→ EXERCISE AIM: Once you reach the line with "活动开始,志愿者负责在小广场" in the material below, copy each line exactly up to and including the line with "very soggy ground.", and skip the pictures.

→ EXTRACTED RECORDS:
══════════

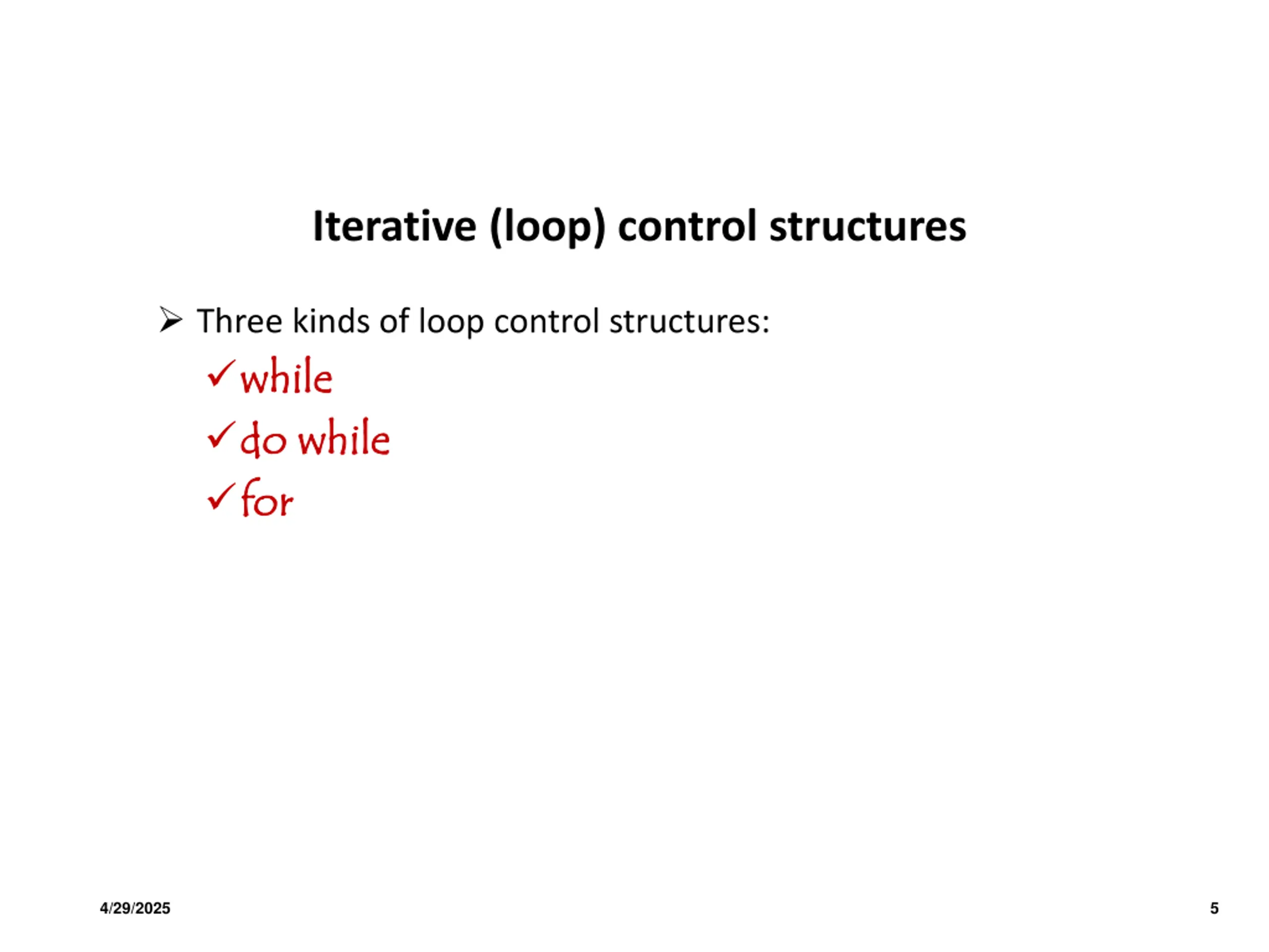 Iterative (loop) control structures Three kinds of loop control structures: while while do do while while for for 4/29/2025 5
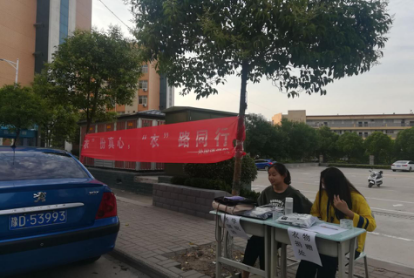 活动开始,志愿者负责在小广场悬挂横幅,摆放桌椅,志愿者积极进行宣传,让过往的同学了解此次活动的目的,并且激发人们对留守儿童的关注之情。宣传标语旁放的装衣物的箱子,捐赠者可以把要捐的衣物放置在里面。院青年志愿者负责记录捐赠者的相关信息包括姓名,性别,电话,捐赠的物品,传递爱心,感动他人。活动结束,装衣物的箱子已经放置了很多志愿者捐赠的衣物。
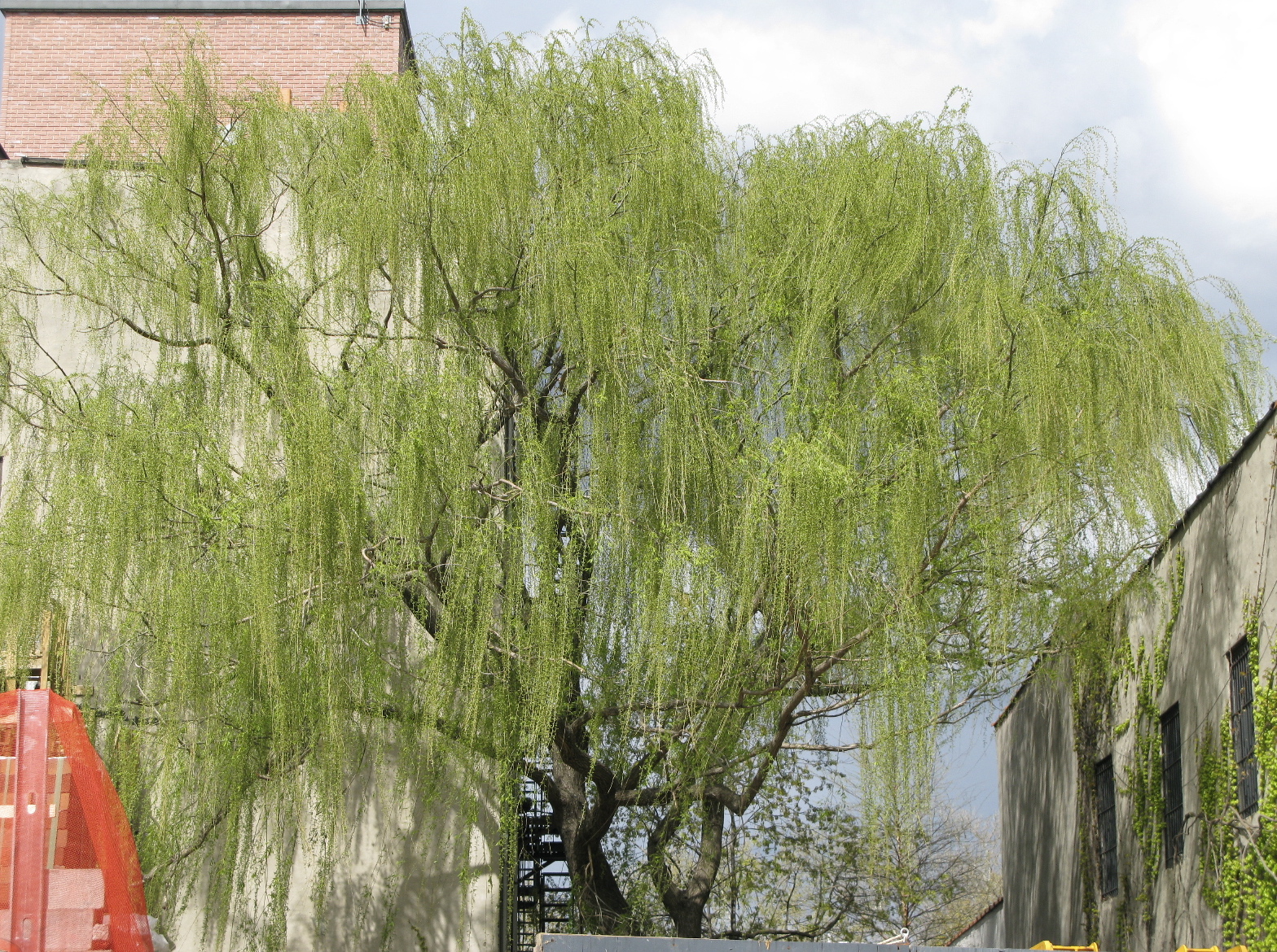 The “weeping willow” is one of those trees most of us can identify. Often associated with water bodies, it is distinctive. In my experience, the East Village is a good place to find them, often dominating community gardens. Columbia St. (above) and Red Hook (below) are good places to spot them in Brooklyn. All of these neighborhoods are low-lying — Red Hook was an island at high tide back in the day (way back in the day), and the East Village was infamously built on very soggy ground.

══════════

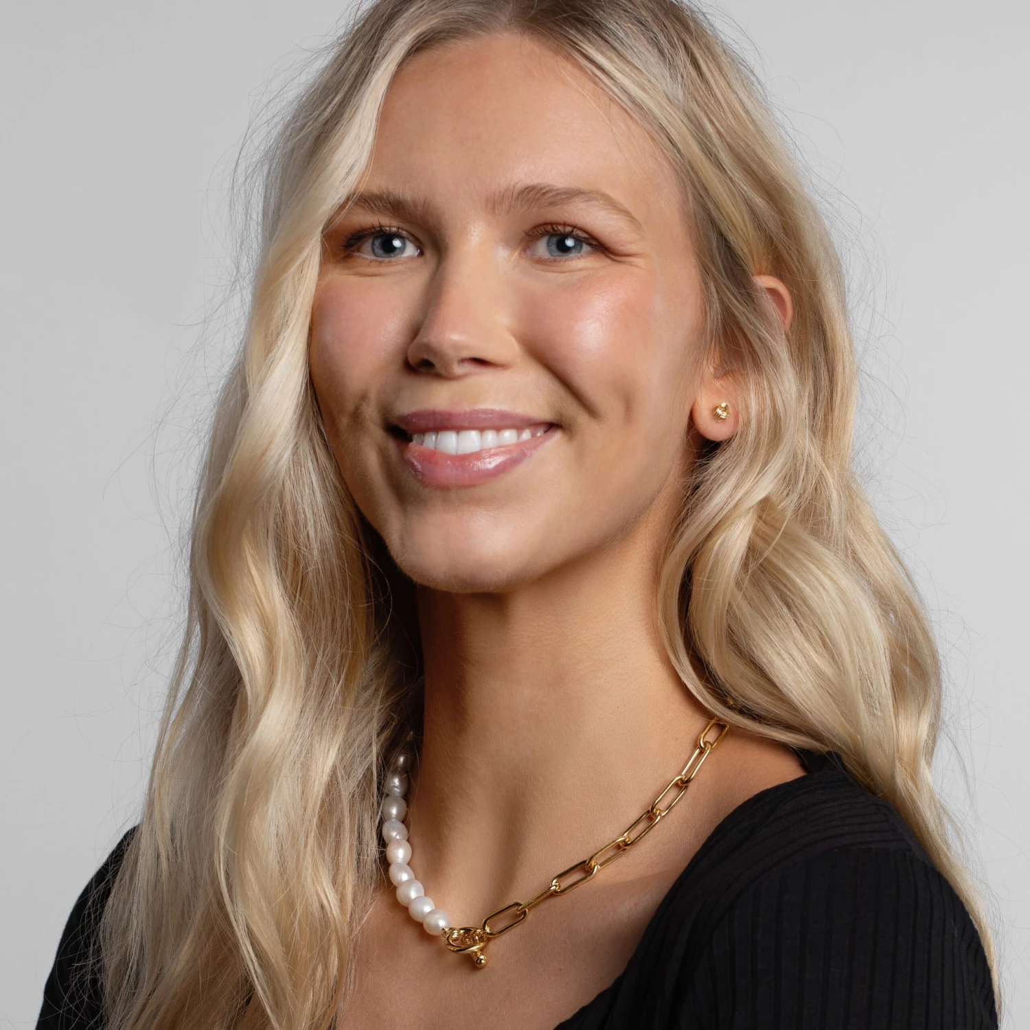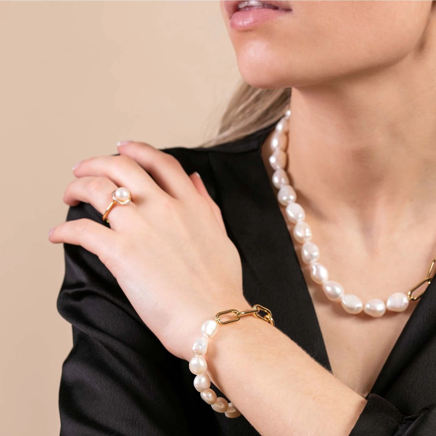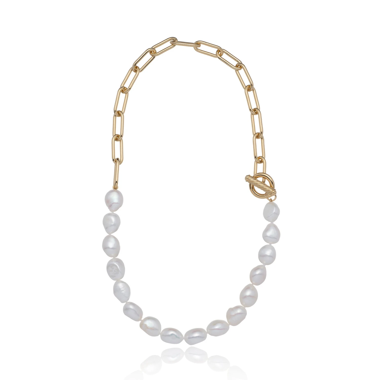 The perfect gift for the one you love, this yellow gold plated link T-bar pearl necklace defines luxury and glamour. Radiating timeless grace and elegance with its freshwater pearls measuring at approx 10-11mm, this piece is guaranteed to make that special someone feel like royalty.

══════════

→ WRITTEN ANSWER:
 活动开始,志愿者负责在小广场悬挂横幅,摆放桌椅,志愿者积极进行宣传,让过往的同学了解此次活动的目的,并且激发人们对留守儿童的关注之情。宣传标语旁放的装衣物的箱子,捐赠者可以把要捐的衣物放置在里面。院青年志愿者负责记录捐赠者的相关信息包括姓名,性别,电话,捐赠的物品,传递爱心,感动他人。活动结束,装衣物的箱子已经放置了很多志愿者捐赠的衣物。
 The “weeping willow” is one of those trees most of us can identify. Often associated with water bodies, it is distinctive. In my experience, the East Village is a good place to find them, often dominating community gardens. Columbia St. (above) and Red Hook (below) are good places to spot them in Brooklyn. All of these neighborhoods are low-lying — Red Hook was an island at high tide back in the day (way back in the day), and the East Village was infamously built on very soggy ground.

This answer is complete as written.